I would much rather see my breast augmentations receive a bravo then a brava.
Miami, Fl (PRWEB) October 17, 2012
Breast augmentation with autologous fat was first described in a publication in 1895 by an Austrian-German surgeon Vincenz Czerny, so why is there a buzz that this is the newest of techniques. Sure in 1895 Cznery was experimenting to avoid asymmetry after tumor resection but many have competed fat transfer since those times. In the mid 1980s the modern technique of using liposuctioned fat for breast augmentation was a popular topic and the American Society of Plastic Surgeons voiced concerns about cancer generation and detection. More recently there has been a consensus by plastic surgeons, oncologists and radiologists that fat transfer to the breast is safe and reasonable. Many including Dr. Maercks believe that this technique is the ideal breast augmentation for properly selected patients.
Well then, why all the hype? Why are there countless products that claim to be requisites for fat transfer to the breast? Dr. Maercks feels that like many other identified sections of plastic surgery, consumerism and profit generation are at the wheel. The line between academics and industry has even dissolved, allowing mass teaching of techniques that are not only unnecessary, but damaging to patient outcomes.
“I was a very early adopter of breast augmentation with fat transfer but had to be very wary with patient selection, consent and legal issues until the recent widespread adoption of the technique. I love this technique for patients with appropriate body morphology.” Dr. Maercks has been approached by several different companies peddling special liposuction devises, “stem cell purifiers” and “fat separators.”
One company in particular troubled Dr. Maercks. "When I was a child reading comic books I liked to look through the gimmicks in the back page which had all kinds of magic tricks, x-ray glasses, levatation devices etc. I would always start a silly giggle when I would come across the vacuum pump systems touted to enlarge breasts. Well this gimmick never went away and there are at least five different marketed systems available (http://www.living-with-small-a-cup-breasts.com/breast-enlargement-vacuum-pump.html).

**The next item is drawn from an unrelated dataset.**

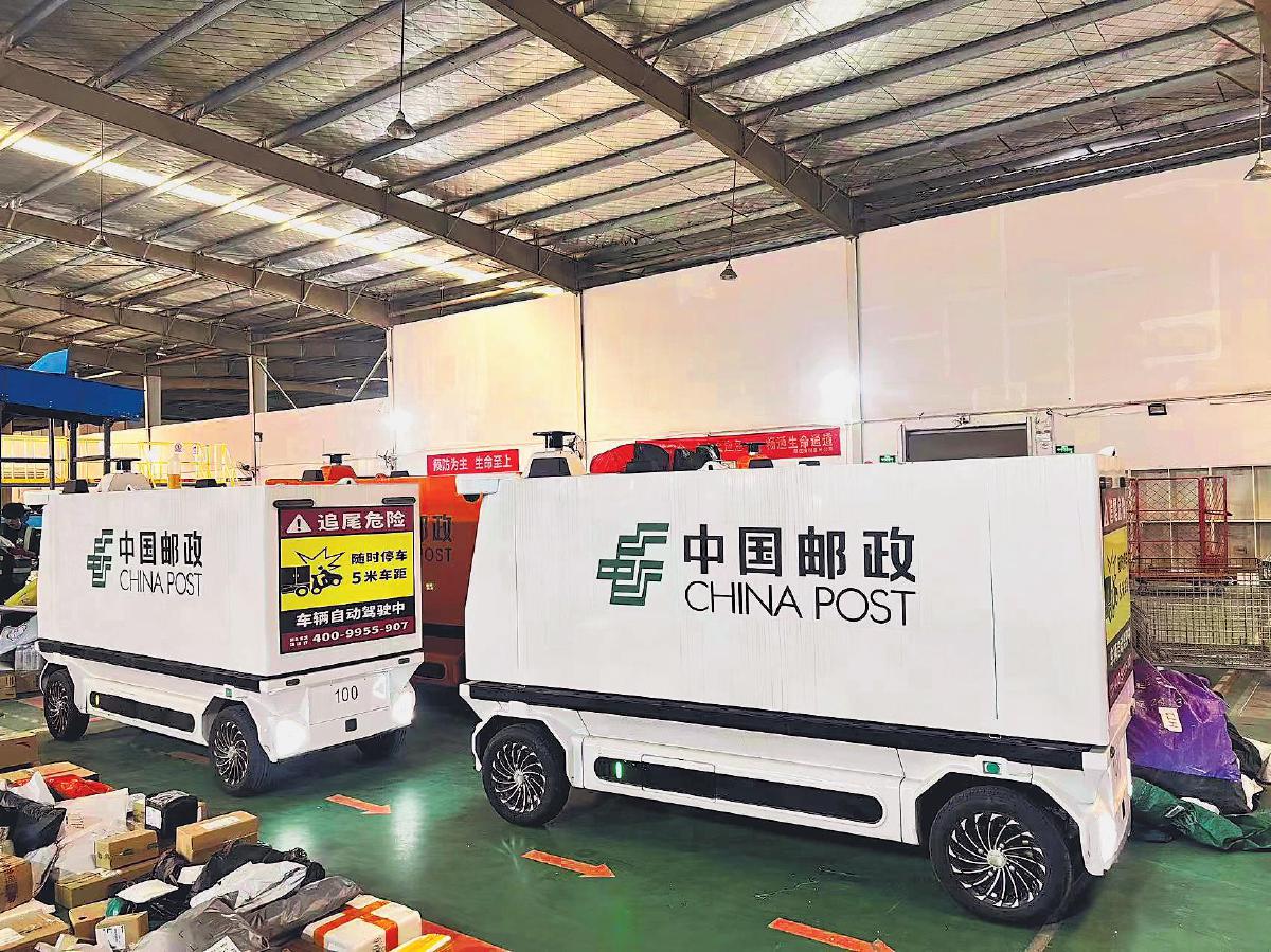 邮政无人配送车在南陵县寄递物流共配中心等待装邮件。 □孙康 摄

This of course doesn’t bother me, but I was horrified years ago when I saw a system marketed as “new” and touted by real plastic surgeons to be crucial to breast augmentation with fat transfer!”
Quackwatch reports that in May 2004 judgements were made against a doctor claiming a vacuum device as effective for breast augmentation(http://www.quackwatch.org/02ConsumerProtection/newwomyn.html). Now, one vacuum devise, the BRAVA is touted to be “the first clinically proven option for breast enlargement, endorsed by hundreds of leading physicians across the US, that actually grows a woman's own natural breast tissue, without surgery, pills or creams” (http://www.mybrava.com/home.asp). Multiple presentations have been made claiming this is the way breast augmentation should be performed. There are even training courses at endorsed conferences in the use of BRAVA and fat grafting.
This is disturbing to Dr. Maercks not because it doesn’t work, but because it does! “You see most of these hype technology products don’t bother me much because they don’t do anything, so no harm done. Devices that suck on the breast soft tissue envelope accelerate the two most significant findings of breast aging, skin envelope stretching and expansion along with enlargement of the areola and ptosis or droopiness of the breast.” Dr. Maercks has never used a suction device on a patient although he says he might consider it as a possibility in reconstruction or congenital deformities but never for a breast augmentation. “The big challenge in breast aesthetics is keeping the skin envelope taught and elastic, preventing ptosis and preventing radial expansion of the areola, why would I accelerate these findings in patients seeking aesthetic improvement?”
Dr. Maercks performs fat grafting to the breast without any pretreatment and delivers beautiful results. He feels that even if the outcome of a grafting ends up short of expectations, he would rather touch up the grafting then subject his patients to such a device and deformities. “A careful review of the multiple before and after results proudly posted on the internet in which a suction device was effectively used by any practitioner will reveal an enlarged areola that often projects unnaturally, and a lowered footprint of the breast often with a down pointing nipple. Why would we do this when our results can be so much better with a tighter skin envelope and a higher positioned smaller areola?"
In his new blog, Dr. Maercks states “ I would much rather see my breast augmentations receive a bravo then a brava!”